▸ **Problem to work on**: Please transcribe exactly, and only, the lines of the data below between the line holding "SEPTEMBER 2007 –" and the line holding "One pendant featuring: 14KT", inclusive.

▸ **Material provided**:
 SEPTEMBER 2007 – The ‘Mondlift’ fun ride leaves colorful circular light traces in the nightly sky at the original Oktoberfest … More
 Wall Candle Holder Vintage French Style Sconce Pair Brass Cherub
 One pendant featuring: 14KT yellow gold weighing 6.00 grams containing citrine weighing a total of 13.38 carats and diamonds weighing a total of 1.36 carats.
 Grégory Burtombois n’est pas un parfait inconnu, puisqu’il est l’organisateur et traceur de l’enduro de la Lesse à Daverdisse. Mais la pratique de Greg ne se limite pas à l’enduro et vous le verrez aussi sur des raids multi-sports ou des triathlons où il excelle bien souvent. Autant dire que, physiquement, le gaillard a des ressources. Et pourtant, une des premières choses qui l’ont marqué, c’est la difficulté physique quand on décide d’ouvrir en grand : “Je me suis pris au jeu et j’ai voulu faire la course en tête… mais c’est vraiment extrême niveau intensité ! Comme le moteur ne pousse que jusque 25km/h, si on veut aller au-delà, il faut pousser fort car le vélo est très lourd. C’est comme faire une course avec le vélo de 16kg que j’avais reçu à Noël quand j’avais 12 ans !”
...
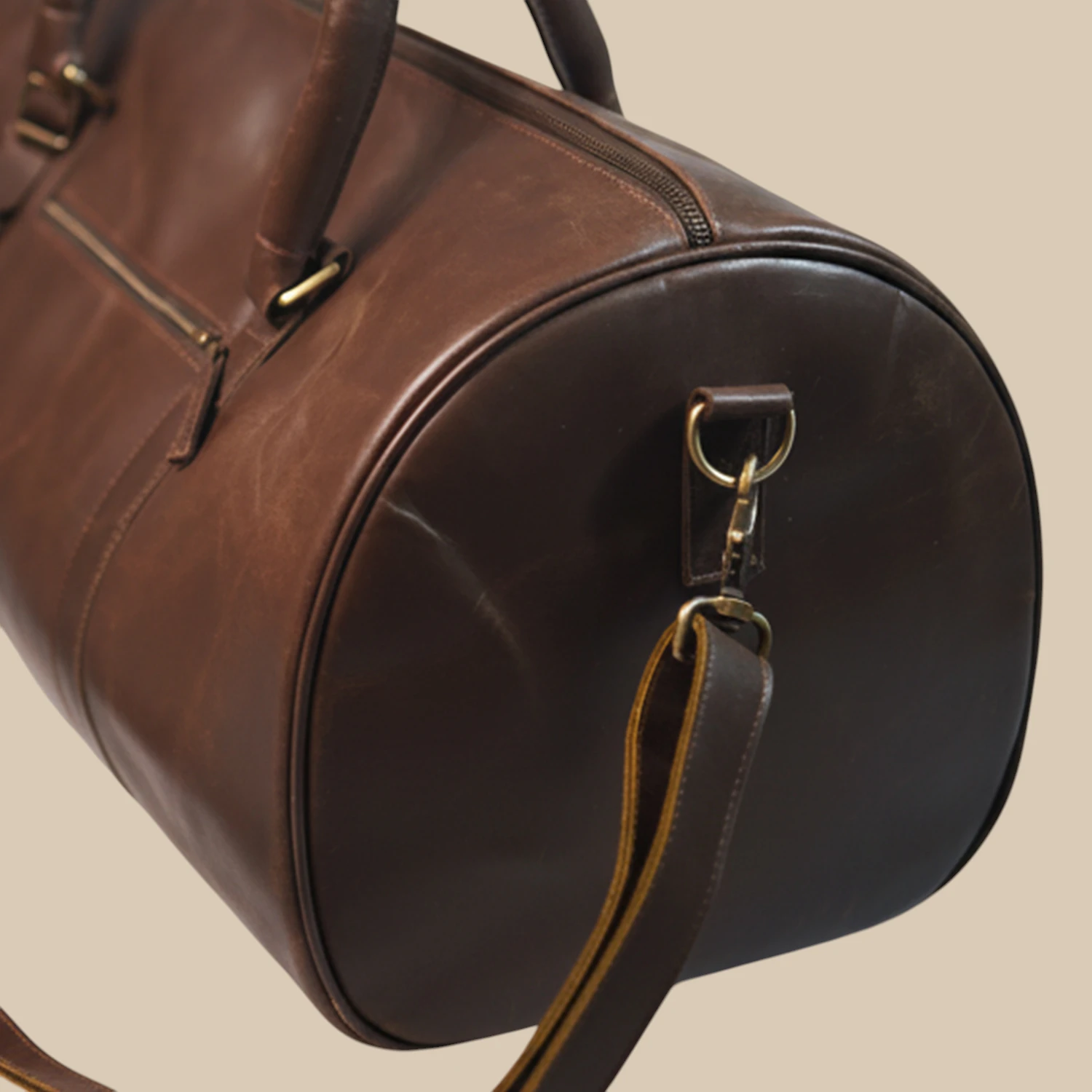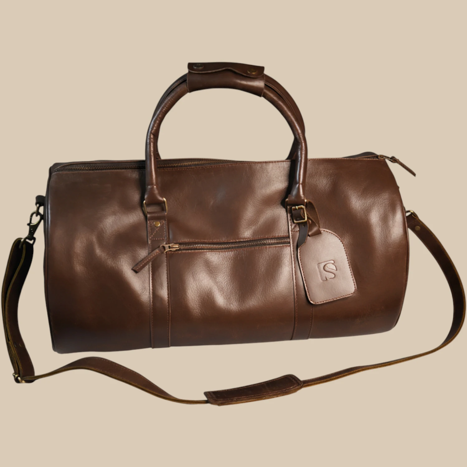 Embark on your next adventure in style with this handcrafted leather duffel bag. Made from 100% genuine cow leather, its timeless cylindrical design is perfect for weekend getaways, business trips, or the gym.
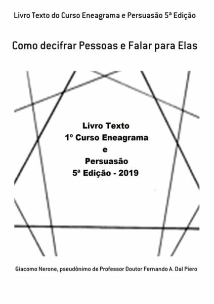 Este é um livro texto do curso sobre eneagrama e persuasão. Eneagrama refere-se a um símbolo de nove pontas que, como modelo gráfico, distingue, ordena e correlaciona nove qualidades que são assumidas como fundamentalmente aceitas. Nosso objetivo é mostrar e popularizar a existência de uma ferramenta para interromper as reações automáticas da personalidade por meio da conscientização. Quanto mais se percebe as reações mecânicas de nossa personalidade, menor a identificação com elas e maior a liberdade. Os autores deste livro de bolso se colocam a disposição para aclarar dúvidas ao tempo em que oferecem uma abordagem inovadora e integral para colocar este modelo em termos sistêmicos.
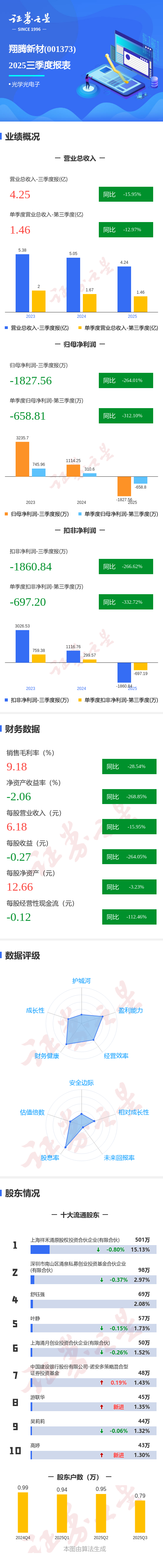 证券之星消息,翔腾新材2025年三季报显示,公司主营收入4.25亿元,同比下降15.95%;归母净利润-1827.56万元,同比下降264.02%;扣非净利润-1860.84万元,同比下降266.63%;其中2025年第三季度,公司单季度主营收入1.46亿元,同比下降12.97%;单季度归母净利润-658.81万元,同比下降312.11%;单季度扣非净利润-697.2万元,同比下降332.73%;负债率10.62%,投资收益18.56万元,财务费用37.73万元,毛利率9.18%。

▸ **Task solution**:
 SEPTEMBER 2007 – The ‘Mondlift’ fun ride leaves colorful circular light traces in the nightly sky at the original Oktoberfest … More
 Wall Candle Holder Vintage French Style Sconce Pair Brass Cherub
 One pendant featuring: 14KT yellow gold weighing 6.00 grams containing citrine weighing a total of 13.38 carats and diamonds weighing a total of 1.36 carats.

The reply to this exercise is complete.